= Sanguan Tularak =

Thai politician (1902–1995)

Sanguan Tularaksa (สงวน ตุลารักษ์; ; June 18, 1902 – May 15, 1995) was a Thai politician and a leading member of the Seri Thai. Sanguan was of Chinese descent and was of Teochew origins.

A longtime Pridi Banomyong acolyte and member of the 1932 coup group, Sanguan was a member of the National Assembly and Chairman of the Bureau of Tobacco Monopoly in the Ministry of Finance.

In 1943 he was made the leader of a delegation sent by the Free Thai leader to establish contacts with the Allies at Chungking. His efforts proved crucial to the securing of British and American support for the underground movement, which would soon receive arms and equipment for effective guerrilla operations.

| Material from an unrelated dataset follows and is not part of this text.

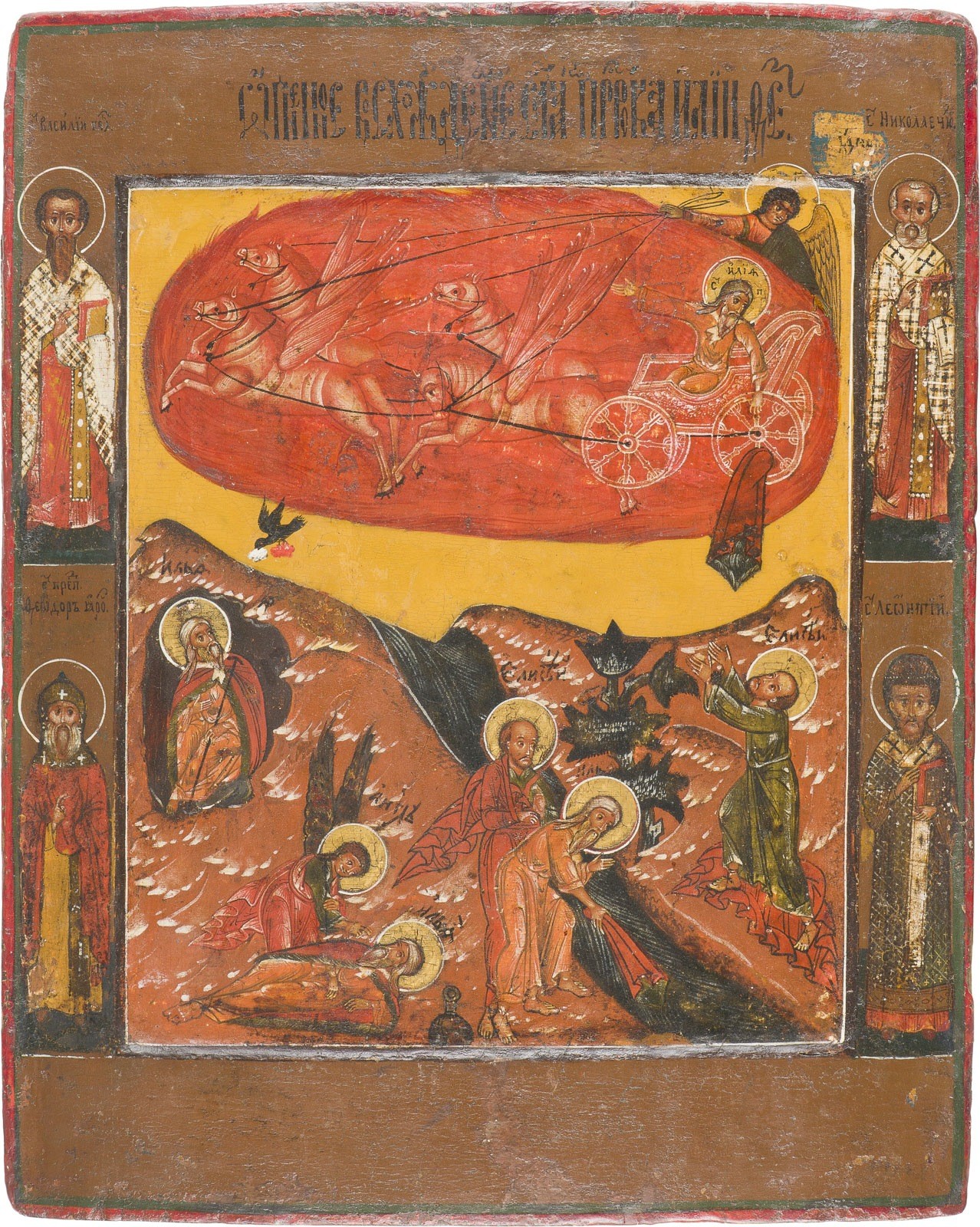 A FINE ICON SHOWING THE PROPHET ELIJAH, HIS LIFE IN THE WILDERNESS AND HIS FIERY ASCENT TO HEAVEN Russian, 17th century Tempera on wood panel with double kovcheg, haloes gilded. With four saints on the borders: St Basil, St Nicholas of Myra, St Theodore and St Leontius. Minor retouching. 33 x 26.7 cm.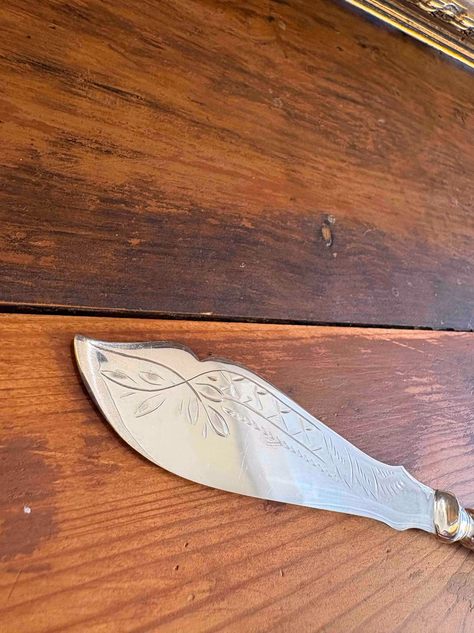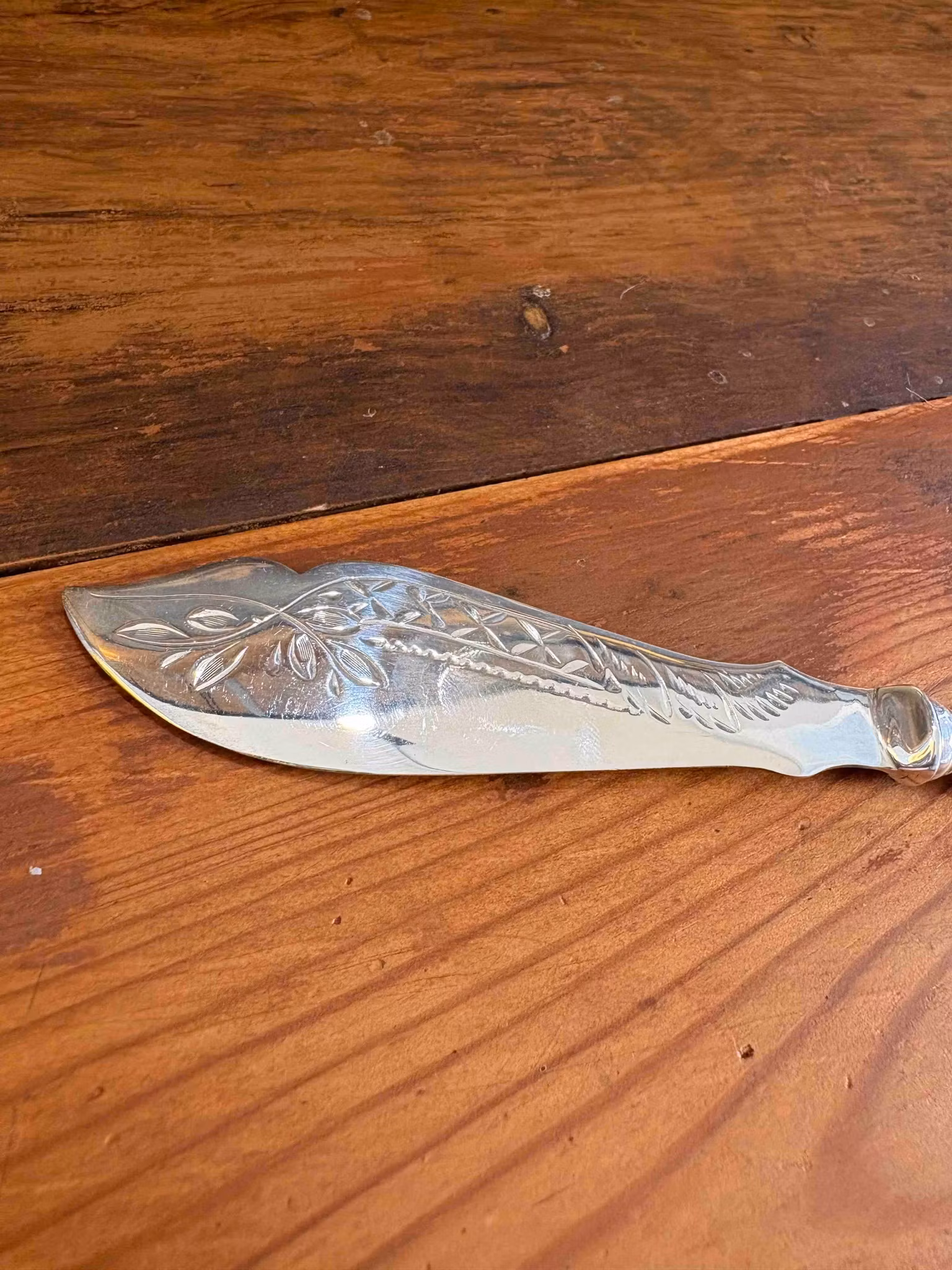 Smörkniv i nysilver, ca 20 cm. En vacker och dekorativ detalj med fina detaljer – perfekt till frukost och servering.

In 1946 he was appointed ambassador to the Republic of China. He refused to return to Thailand following the coup d'état of 1947, declaring that the new constitution was illegitimate. Sanguan spent the next decade living in China. He returned to Thailand in 1957 and was jailed by the government of Field Marshal Sarit Thanarat. He was released in 1965.

Sanguan was married to Wibun "Bunma" Wimonprapha and had two children named Ramphai (his daughter) and Kraisi (his son). His younger brother was Krachang Tularak.